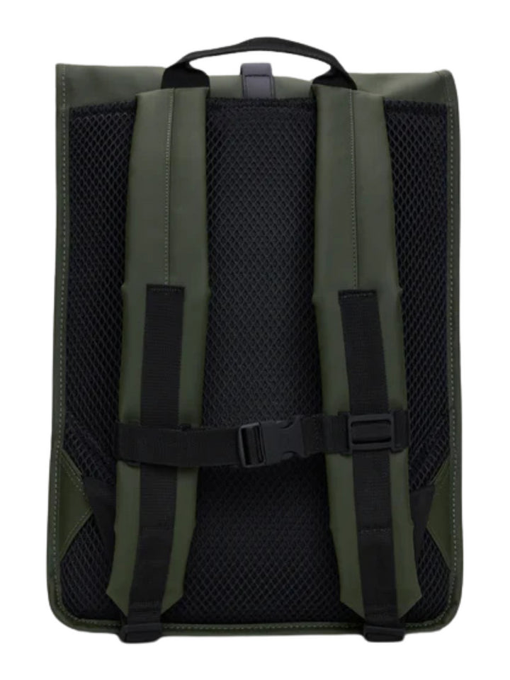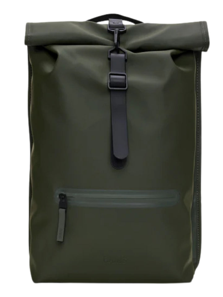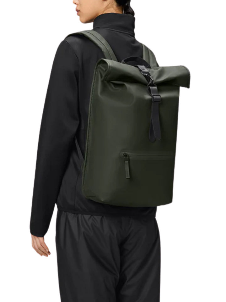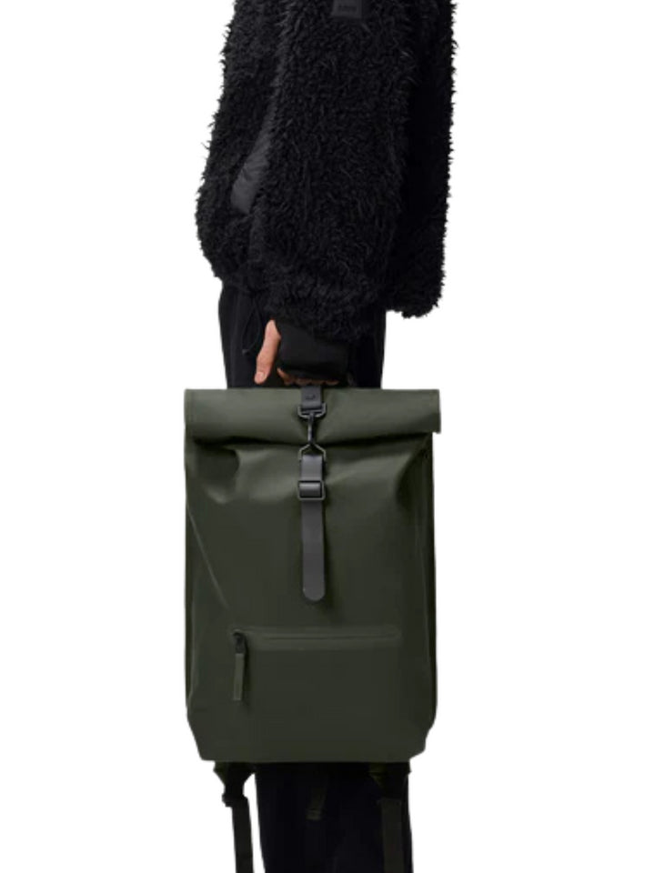 Il Rolltop Rucksack è realizzato nell'iconico tessuto PU di Rains, progettato per essere robusto, duraturo e piacevole al tatto.
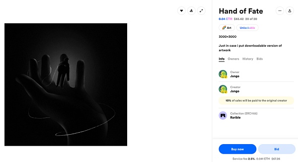 第二步:當你登入之后,在 Rarible 平臺上搜索你想要購買的 NFT。在我們的例子中,我們將展示如何購買藝術家 Jango 創作的「Hand of Fate」NFT 作品 (如下圖所示)。無論你想要購買哪個 NFT (假設該 NFT 可以直接購買),這個購買過程都是類似的。一旦你選好了想要購買的 NFT,點擊「Buy now」(現在購買) 按鈕即可購買。
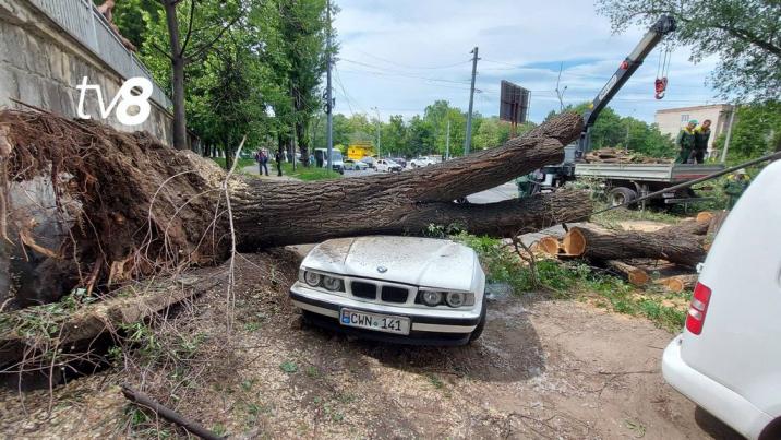 Un alt copac a căzut în Capitală! O mașină a fost distrusă, iar un pilon electric a căzut la pământ
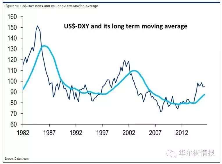 花旗集团提供的以下这张表格展现了美元指数有着长期动力。另一个显示美元指数有可能突破100水平的迹象是其移动平均线的大幅上涨。

▶ _Problem_
Every line from the start of the listing above through the line with "第二步:當你登入之后,在 Rarible 平臺上搜索你想要購買的" should be repeated exactly; skip the pictures and add nothing else.

▶ _Task response_
 Il Rolltop Rucksack è realizzato nell'iconico tessuto PU di Rains, progettato per essere robusto, duraturo e piacevole al tatto.
 第二步:當你登入之后,在 Rarible 平臺上搜索你想要購買的 NFT。在我們的例子中,我們將展示如何購買藝術家 Jango 創作的「Hand of Fate」NFT 作品 (如下圖所示)。無論你想要購買哪個 NFT (假設該 NFT 可以直接購買),這個購買過程都是類似的。一旦你選好了想要購買的 NFT,點擊「Buy now」(現在購買) 按鈕即可購買。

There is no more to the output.